Required action:
Write each line out exactly, from the one containing "만화 봉제 괴물 열쇠" through the final line of the data, and keep pictures out of the copy.

Data extract:
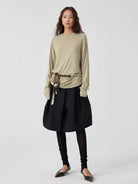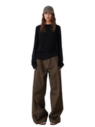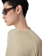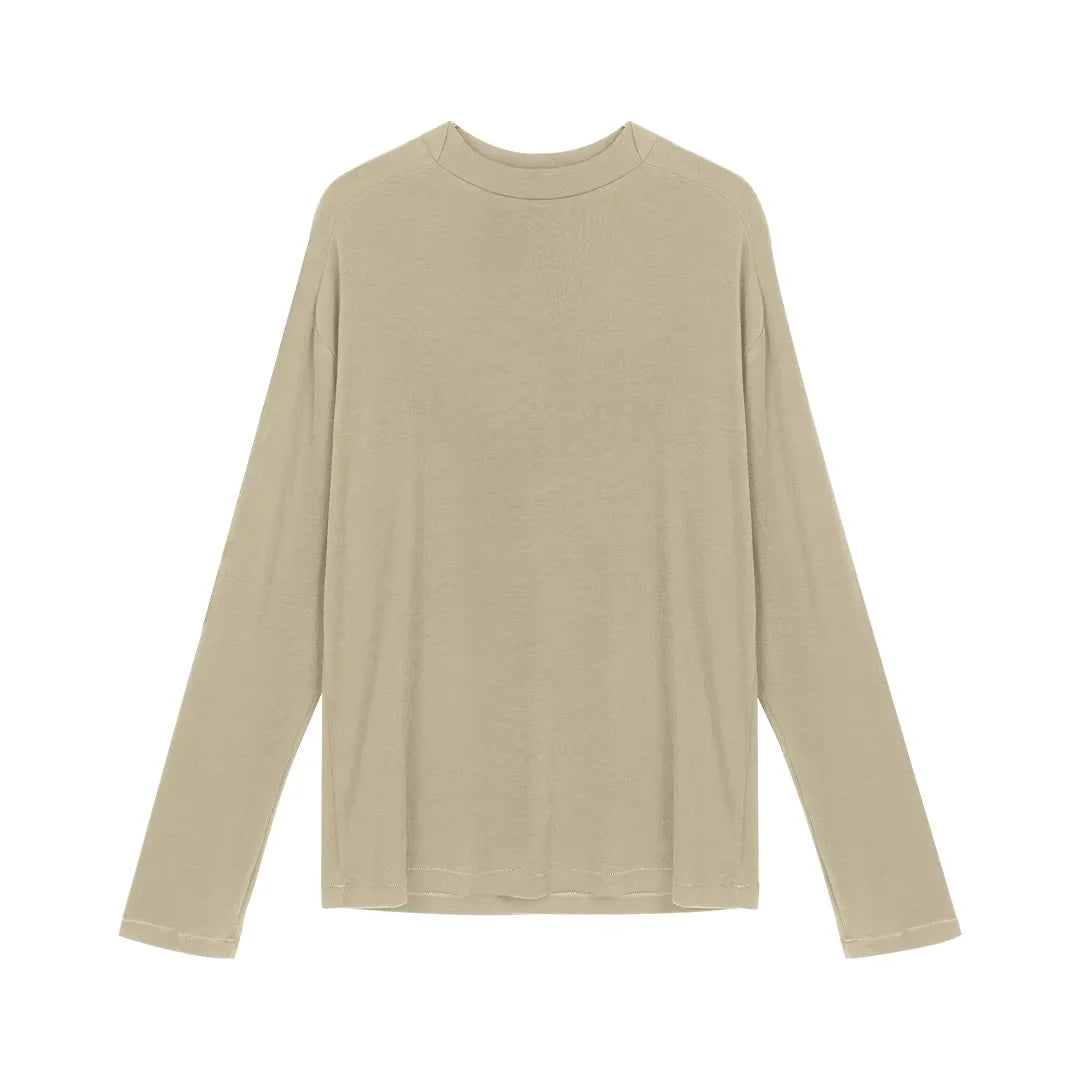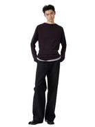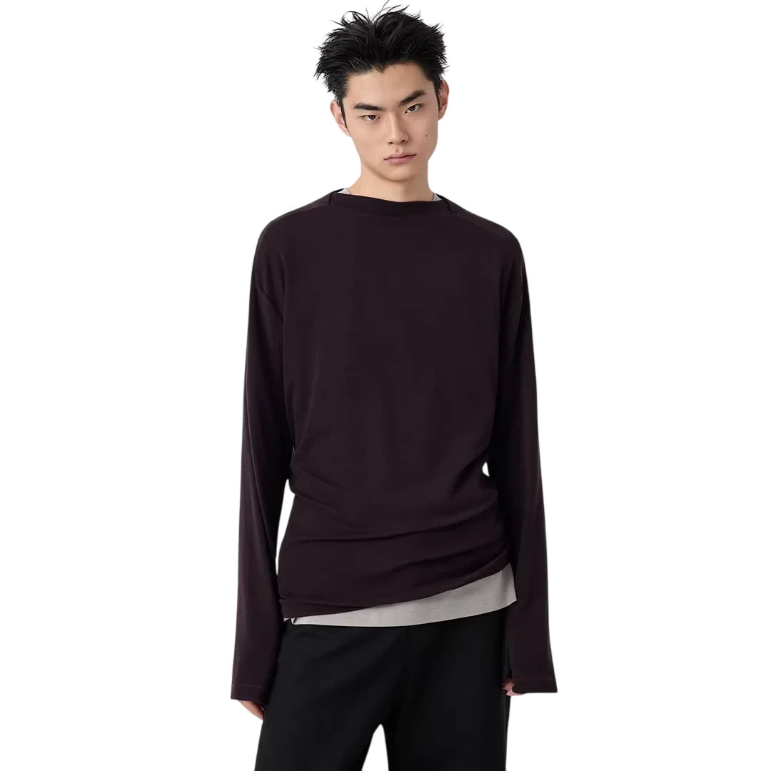 This men's long sleeve t-shirt features a classic crew neck and a relaxed fit, offering both comfort and contemporary style. Designed in a deep, dark hue, it pairs effortlessly with casual ensembles. Slightly elongated sleeves and a layered look with a contrasting undershirt enhance its modern, minimalist aesthetic.
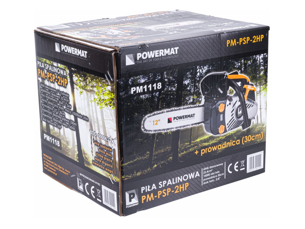 Drujba pe benzină PM-PSP-2CP de la POWERMAT este cel mai nou model destinat utilizării atât de amatori, cât și de profesioniști. Puterea maximă a dispozitivului atinge 2,0 CP datorită motorului cu o capacitate de 25,4 cm3.
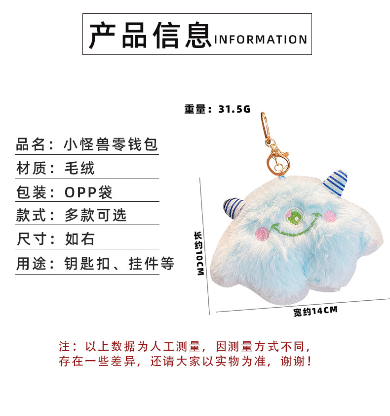 만화 봉제 괴물 열쇠 고리 여자의 절묘한 귀여운 재미있는 인형 동전 지갑 어린이 학교 가방 펜던트스토어 가기
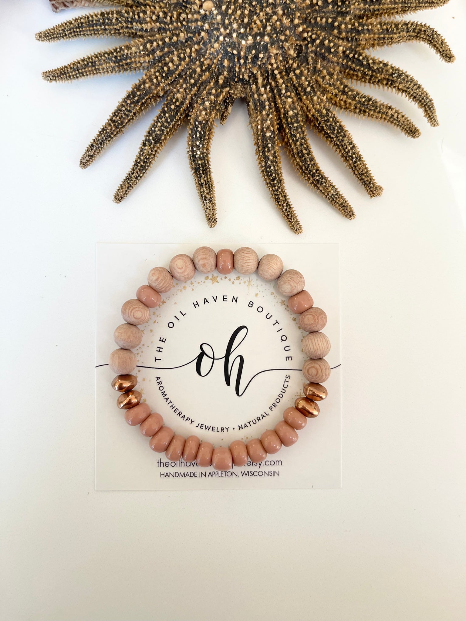 Mauve saucers and rose gold! Add essential oils to the wood beads and enjoy the therapeutic benefits all day!

Solution below:
 만화 봉제 괴물 열쇠 고리 여자의 절묘한 귀여운 재미있는 인형 동전 지갑 어린이 학교 가방 펜던트스토어 가기
 Mauve saucers and rose gold! Add essential oils to the wood beads and enjoy the therapeutic benefits all day!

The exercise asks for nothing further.